We are writing to you because your firm has substantial investments in the agribusiness companies operating in the Brazilian Amazon and implicated in the current deforestation crisis there. In the context of global deforestation, the ongoing destruction of the Brazilian Amazon rainforest poses an enormous threat. This is a human-made environmental crisis with potentially disastrous implications for the Amazon's biodiversity and the global climate. If the fires, and the policies that led to them, remain unchecked, the Amazon risks reaching a tipping point of irreversible deforestation that will lock in the worst effects of the climate crisis.1 We respectfully urge you to thoroughly account for the runaway deforestation in Brazil in your due diligence, and to call for immediate action from President Bolsonaro.

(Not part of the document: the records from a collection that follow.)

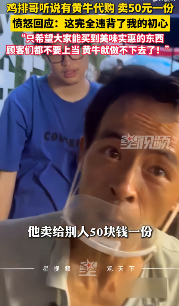 镜头里的人潮熙熙攘攘,现场有无数人想要见识这位“鸡排主理人”的语言魅力,更想听他讲出一个又一个的火爆金句。甚至,还会有黄牛加价出售鸡排,好事者主动高价请人代购,只为在这场狂欢中凑上一点热闹。
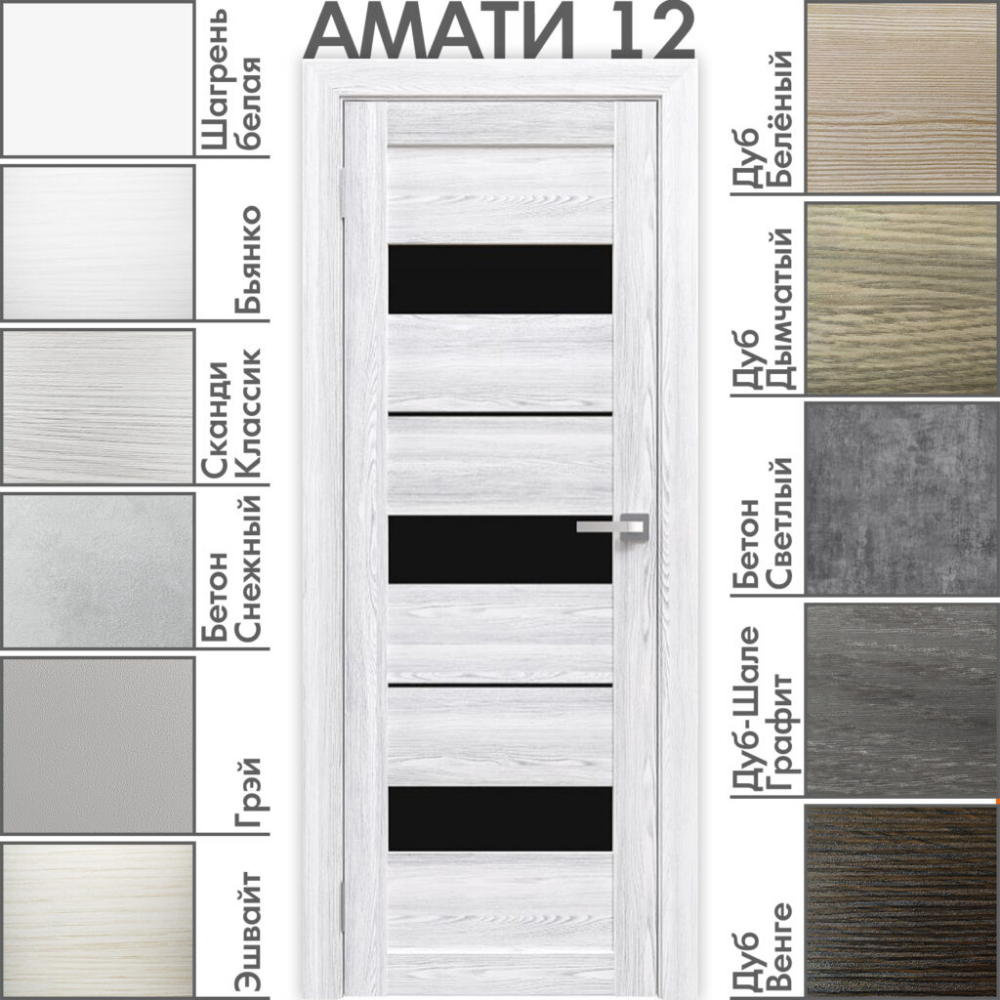 Межкомнатная дверь Экошпон Амати 12(Чёрное стекло) Сканди Классик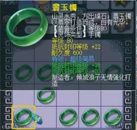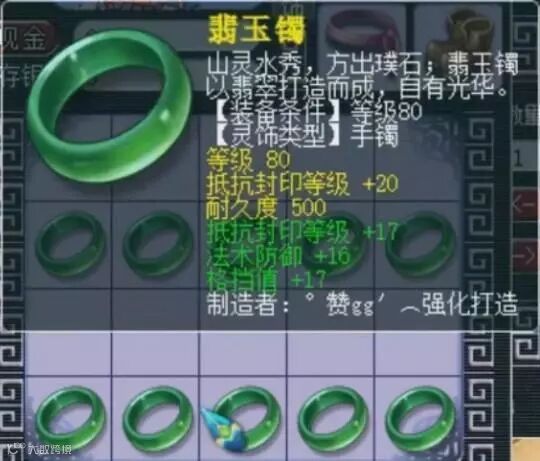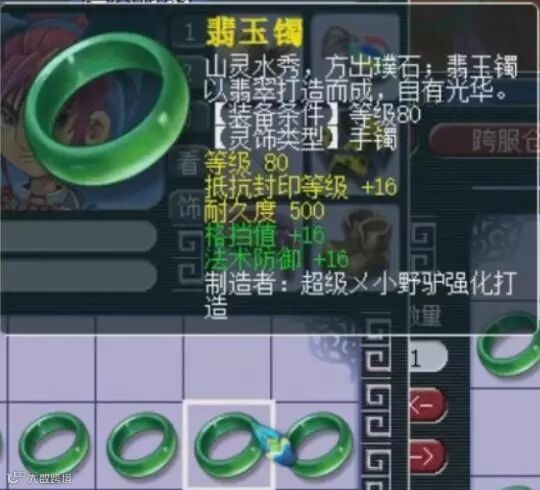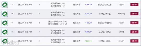 现在精锐组都带抗封灵饰,要是能再多一条属性,不管是抗封,气血还是防御都能卖个天价,可是只有两条的话就不怎么值钱了,藏宝阁最低价355。相比这个手镯多了一条法术防御的灵饰,藏宝阁摆105555。

The Amazon is an ecosystem crucial for climate stability, accounting for twenty-five percent of the carbon that global forests absorb each year.2 Organisms unique to this ecosystem are critical to the health of the world's oceans and the global food chain. Scientists are unequivocal that the protection of this rainforest is critical to forestalling the most destructive climate change scenarios. Without the Amazon, it would almost certainly be impossible to keep global warming to “well below” 2 degrees Celsius over pre-industrial levels. This unchecked deforestation also imperils indigenous peoples throughout the Brazilian Amazon, some of which are at risk of extinction if their ancestral territories are further destroyed. Yet these fires rage, and deforestation continues unabated.

Brazil's own National Institute for Space Research (INPE) reported that there have been 58,614 fires in Brazil's Amazônia Legal region so far this year, an increase of 105 percent from last year.3 These fires, far from an unpredictable natural disaster, are in fact the human-made product of President Bolsonaro's aggressive deregulatory policies. The Brazilian section of the Amazon has lost more than 1,330 square miles of forest cover since Mr. Bolsonaro took office, while enforcement actions by Brazil's environmental agency fell by 20 percent during the first six months of 2019 compared to the same period in 2018.4 As President Bolsonaro's government turns a blind eye, ranchers and farmers intentionally set fires and illegally clear land with impunity.

The fires in the Amazon this year are an emergency that requires action from all of us. Furthermore, recent research has indicated that several of the companies in which you invest, like JBS and Bunge, have been found to have violated anti-deforestation laws; JBS has also been extensively linked to corruption.5 You have the power to demand President Bolsonaro enforce his country's existing environmental and indigenous rights laws and stop rolling back those laws, and you can reassess any operations, investments, or client advisory work in Brazil accordingly if no action is taken. Please speak up and make it clear that the protection of the Amazon is essential to your firm doing business in the region.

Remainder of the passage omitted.